Brainwaves, Issue 34, Self-regulation…is not Self-Control!

By | April 23, 2018

Brainwaves is a newsletter designed to create some “brainwaves” within my community of colleagues, friends and clients.

Self-reg…all the rage right now!
Self-regulation seems to be the “rage” right now! Everyone is talking about it in the world of child development … but is it just a fad? Exciting brain research over the past few decades has led to an explosion of information about our brain and behavior. Self-regulation is born from this information. It is here to stay!

Okay, but what does self-regulation mean?
First of all, it is important to understand that self-regulation applies to all of us! …not just children. Adults need to be self-regulated to teach children to be self-regulated!
So, what does it mean? Self-regulation has many definitions but basically it is the ability to recognize the state of our body (eg: calm or tense), understand why we are feeling this way and know how to return to a state of “just right”. Regulated = Just Right for the situation, not too low energy and not too high energy. At work or school, it means feeling that the body and brain are ready to focus or learn. During sports or recess, it means feeling that the body is ready to move and be creative. In team sports, the brain and body is ready to engage and work together.

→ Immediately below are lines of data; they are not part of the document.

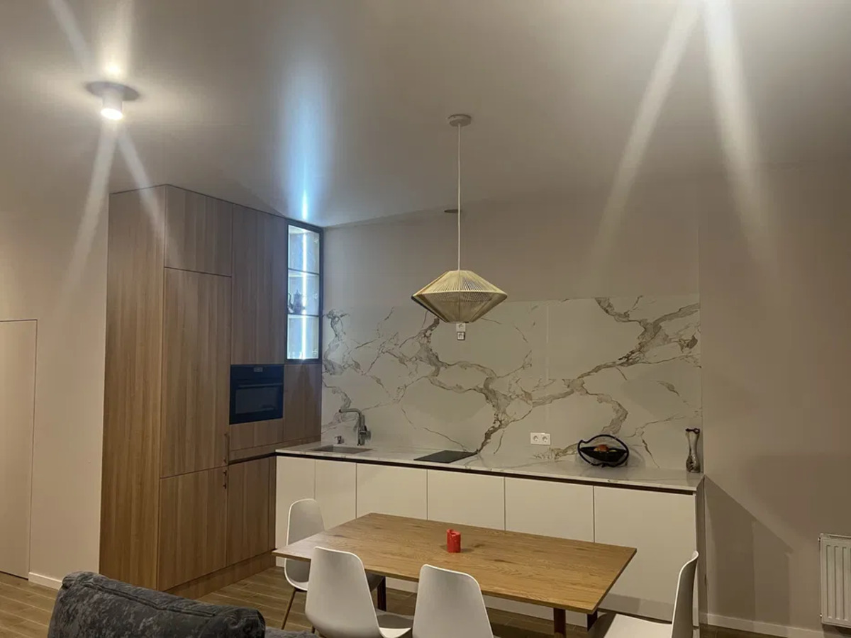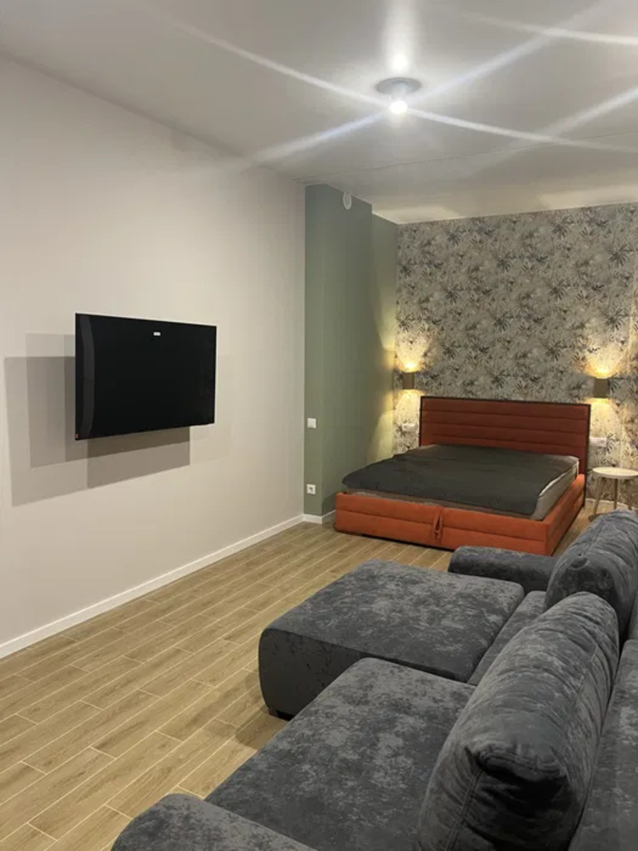Сучасний інтер’єр поєднує стиль та функціональність. Велика кімната зонована на спальну та відпочинкову зону, а стильні меблі – зручне ліжко, м’який кутовий диван і настінний телевізор – створюють атмосферу комфорту.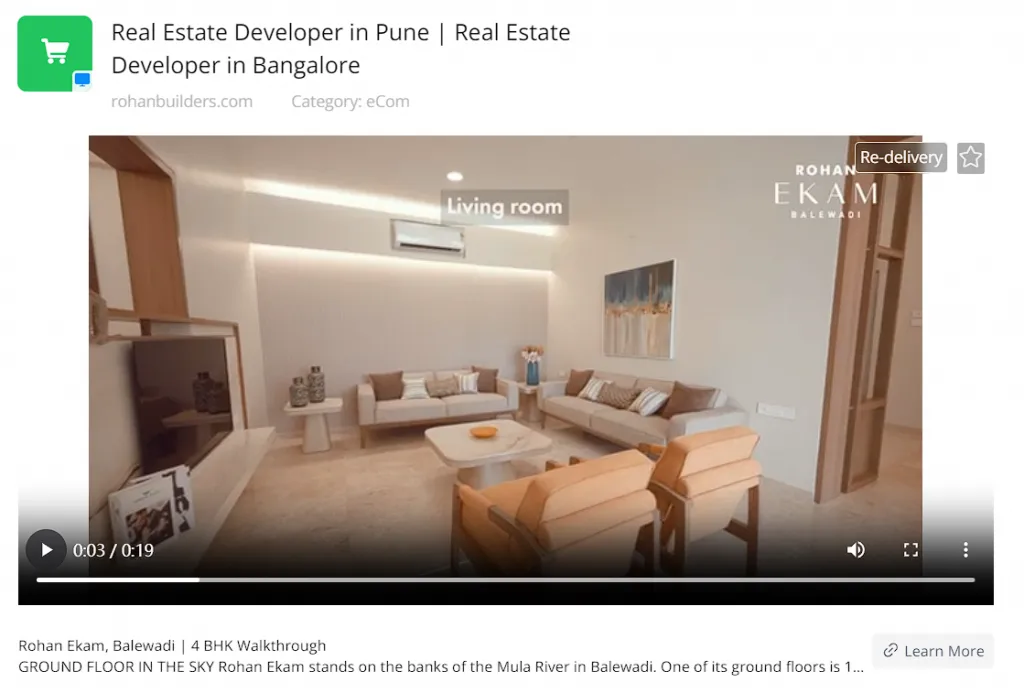Case study: The advertisement for Rohan Ekam uses innovative 3D surround video to showcase the layout of each room, offering an immersive visual experience. This presentation method takes viewers on a virtual tour, allowing them to fully experience the design and layout of each room as if they were physically present in the property. This high-tech approach not only enhances the interactivity and appeal of the ad but also effectively highlights the project's details and unique features. A key highlight of the ad is its creative concept of the "ground floor in the sky," which emphasizes the project’s unique selling point. Although the floor is actually 14 stories above ground, it still features greenery and amenities typically found on a ground floor. This inventive description piques viewers' curiosity and interest, making the ad more compelling. Additionally, by clearly showcasing room layouts and facilities, the ad deepens viewers' understanding of the project, thereby increasing potential buyers' interest.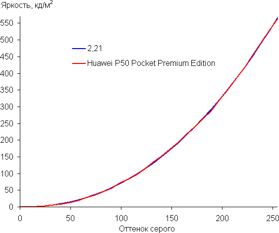 Напомним, что в случае OLED-экранов яркость фрагментов изображения динамично меняется в соответствии с характером выводимого изображения — чуть уменьшается для светлых в целом изображений. В итоге полученная зависимость яркости от оттенка (гамма-кривая), скорее всего, не соответствует гамма-кривой статичного изображения, так как измерения проводились при последовательном выводе оттенков серого почти на весь экран.

REMEMBER, children are not born knowing how to self-regulate! So the “self” in “self-regulation” is actually a goal. They first learn how to be regulated by you…the regulated adult. When this happens over and over and over again, a child will eventually learn how to do it for them-“self” (unless there are other biological reasons!)

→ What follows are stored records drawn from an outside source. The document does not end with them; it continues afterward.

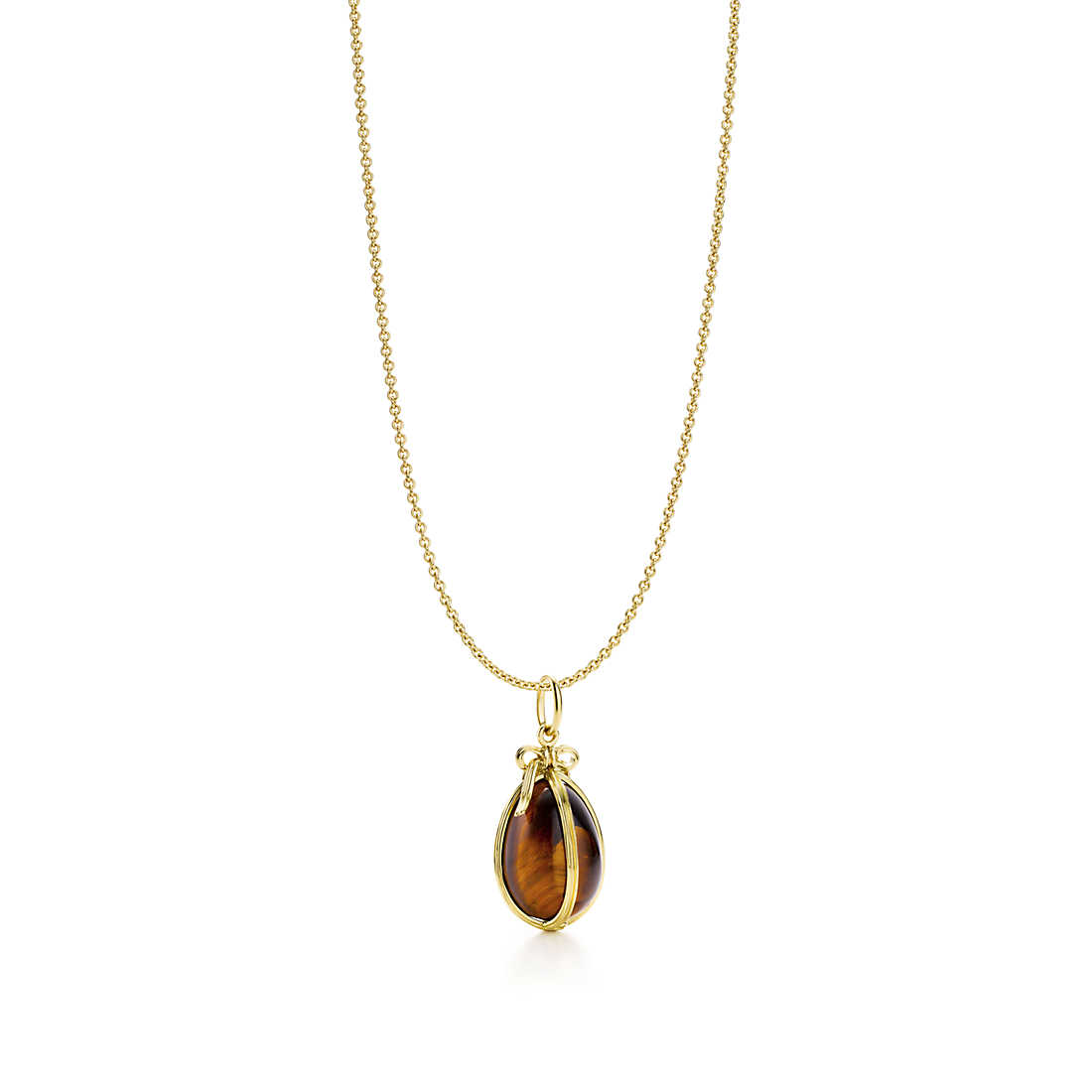 Inspired by a collectsion of egg pendants designed by Jean Schlumberger in the 1960s. Charm with tiger’s eye in 18k gold. Size small, on an 18″ Schlumberger chain. Charm and chain available separately.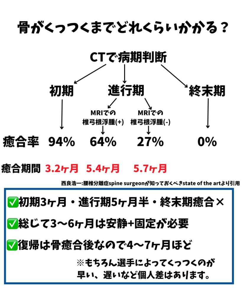 その為、個人的には骨癒合後は部分復帰して1か月かけて完全復帰していくのが良いと思っています。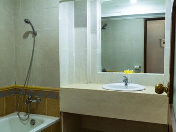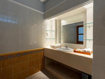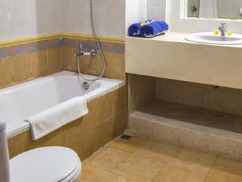 Ванная. Пусть не белоснежная и воды горячей хватило не на долго, но я все же рад! Все работало! Вид с террасы достался нелучший, но сама терраса огромная. В бассейне поплавать не нашел времени, но с ним тоже все хорошо. Чисто везде, если не придираться к высоким шкафам) а кровать... Комфортнее я давно не встречал. Рекомендую!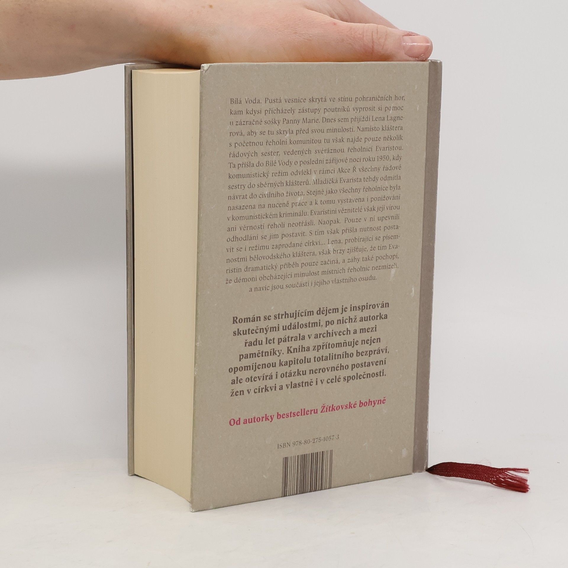 Dlouho očekávaný román Bílá Voda vypráví strhující příběh, jehož hlavní hrdinkou je Lena Lagnerová. Ta přichází do kostela v Bílé Vodě, pusté horské vesnici, kde se nachází zázračná soška Panny Marie. Lena tu nachází jen pár řádových sester, které má na starost řeholnice Evarista. Ta spolu s nimi dorazila do vesnice poslední zářijové noci roku 1950, kdy byly všechny řádové sestry odvedeny komunistickým režimem do sběrných táborů.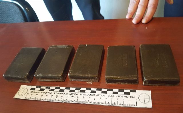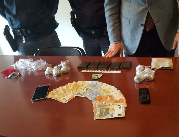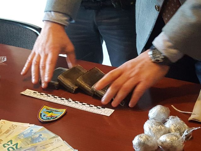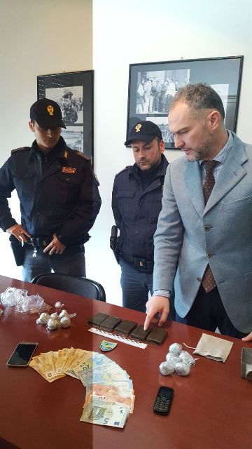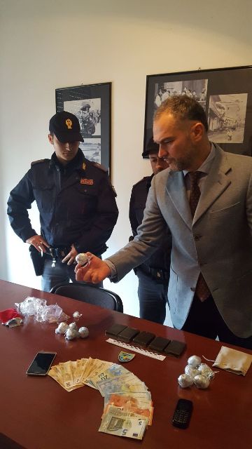 È stato intercettato mentre portava in bicicletta mezzo kg di hashish 'mascherato' con del deodorante per non farne avvertire l'odore dai cani antidroga, 10 confezioni di marijuana da 10 grammi ciascuna, 3 palline di cocaina, 1.200 euro in contanti e due cellulari.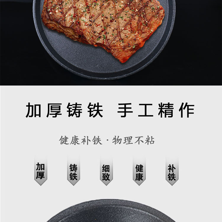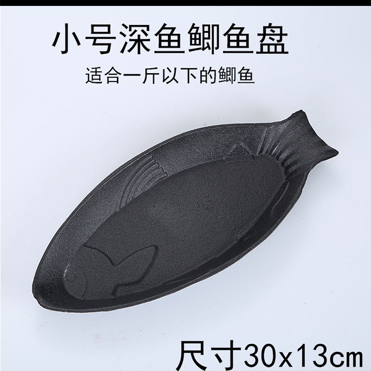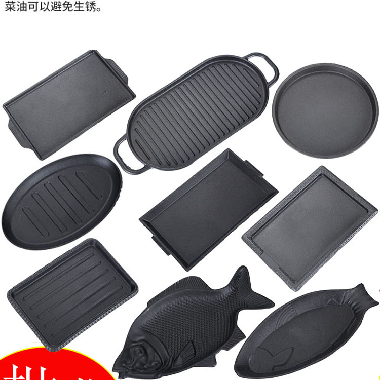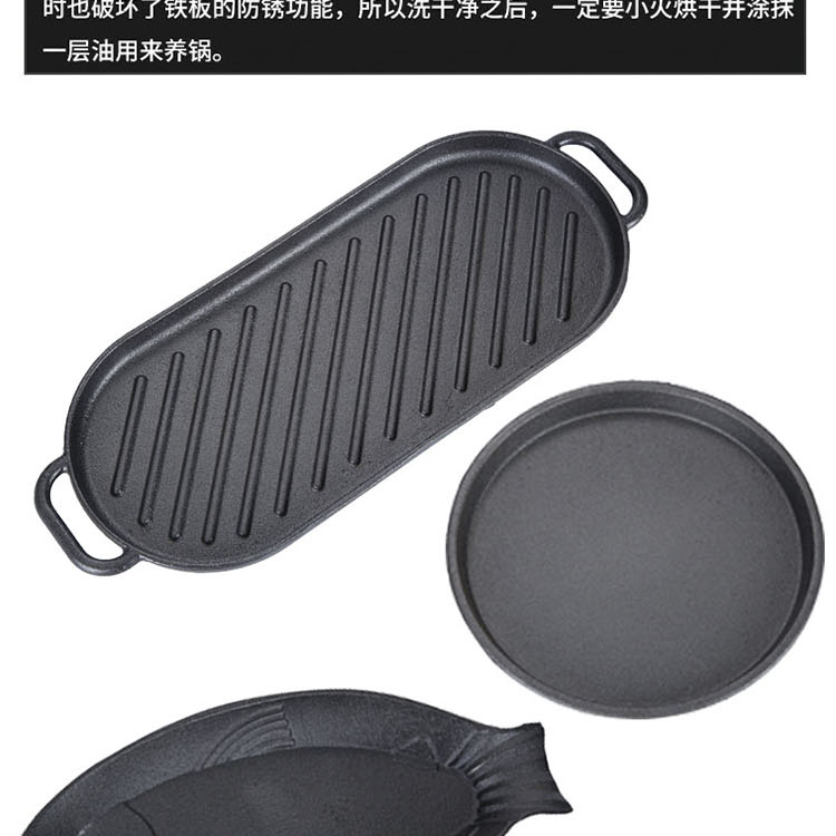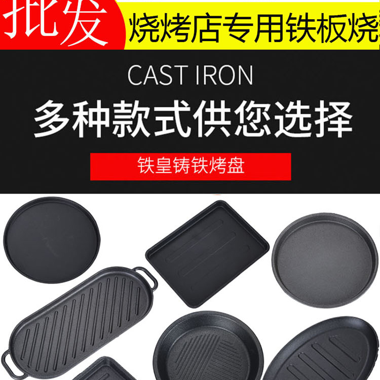铸铁铁板烧盘商用圆形烧烤盘家用铁板鲫鱼烧盘西餐牛排盘铁板烤鱼

          …happens over and over again…        SELF-REGULATION!

The Canadian Connection to Self-regulation?

In Canada, The Mehrit Centre are leading the self-regulation movement. They have marketed the term “self-reg” to promote their approach and they have lots of great graphics, and resources for parents and teachers.

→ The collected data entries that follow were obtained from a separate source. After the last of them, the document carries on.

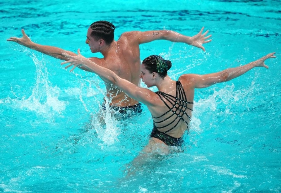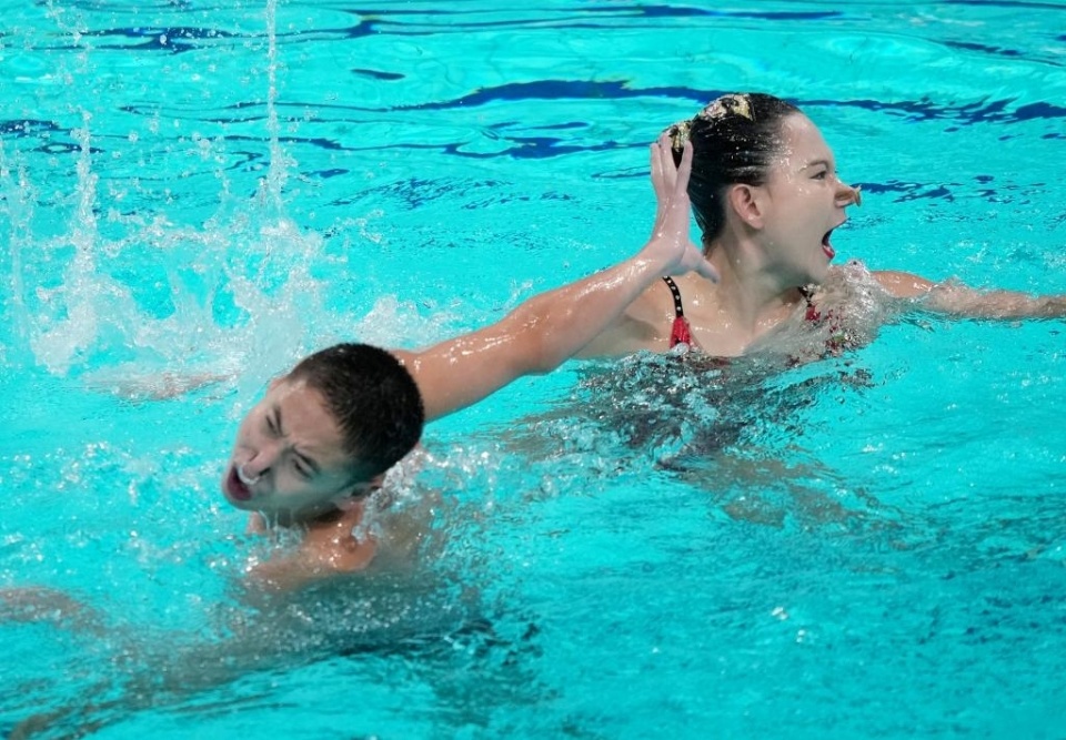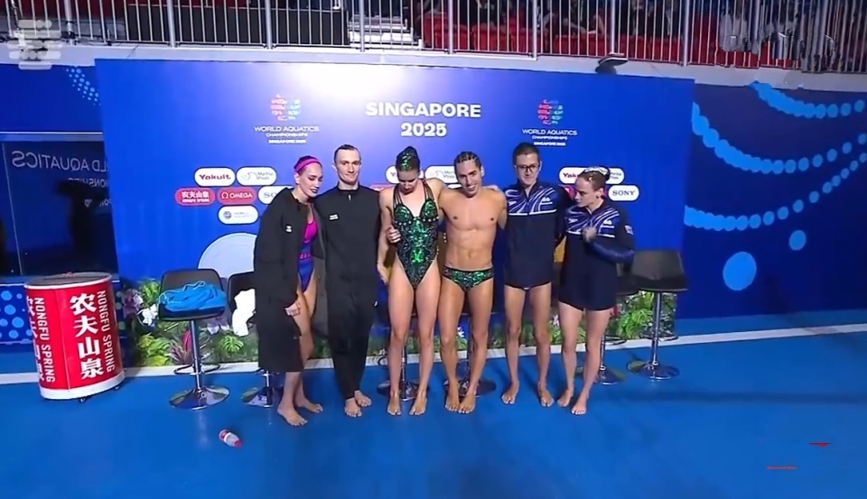 2025-07-25 12:10在刚刚结束的2025游泳世锦赛-花样游泳混双自由自选决赛里,首次参加世锦赛的中国组合郭牧也/刘津含,以256.8216排名第七。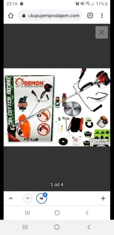Motorni Trimer 5,2 KS Demon Profesional NOVO NOVO Najači model, sa ojačanim kardanom, kvalitetnijim ručkama sa komandama, japanskim metalnim karburatorom i jačim nosačem zaštitne plastike kod nogu, veliki nož za strunu, niklovane ručke i cev prenosa. Opremljen je najsnaznijim dvotaktnim visokoturažnim motorom, Veci razmak ručica.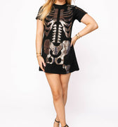 Embrace your edgy side with the Black Multi Skeleton Body Tee Dress. This playful piece hugs your curves while showcasing a bold skeleton print that adds a fun twist to your outfit. Perfect for days when you want to stand out with a touch of spooky charm and effortless style.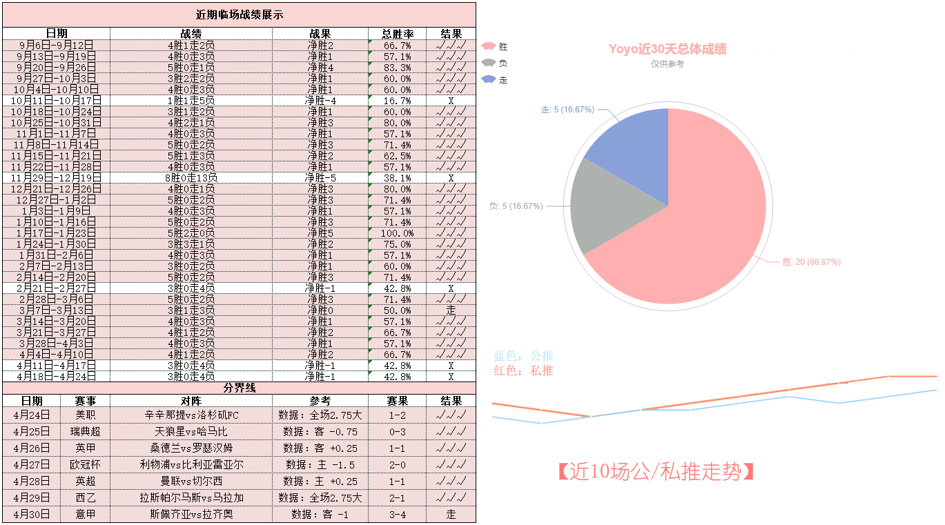 昨晚周六私推意甲拉齐奥4-3与胜利擦肩而过,核心临场依然保持低调六连胜(嘘~)!而公推英超曼城4-0大胜利兹联,竞彩、亚洲方向再次稳稳跑出,公推近10胜8表现棒棒哒!——今天重点参考场次已经确认,信心依旧,强势Yoyo期待打响5月开门红!

Stress behavior NOT misbehavior!
The first and most important step in learning about self-regulation is understanding that a lot of our behavior (and our children’s) is “stress behavior” and has very little or nothing to do with self-control. We get caught in a “stress loop” and we are not good at recognizing it.

Stress Signals?

 not being able to sleep
 obsessive worrying
 sarcasm, yelling, grouchy comments
 being unable to finish things,
 having a “heavy body”
 being unable to smile
 having racing thoughts or a racing body
 making decisions too quickly
 having accidents

The oldest part of our brain, which helps us survive by detecting danger, reacts to our stress load. If we are “running on empty”, our old brain will use “fight, flight or fright” strategies and we might not even know! …and let’s get one thing straight…this has nothing to do with self-control! In fact, Stuart Shanker claims that having self-regulation is what leads to self-control and not the other way around.

The Problem with a Self-Control Perspective?
Self-control comes from a behavioral perspective that believes that we must use punishment and reward strategies to mold behaviors. This way of thinking began a century ago and, as Stuart Shanker states in his book “Self-Reg”, “These misguided theories have become entrenched in…child rearing….we have come to realize how harmful this outlook can be.”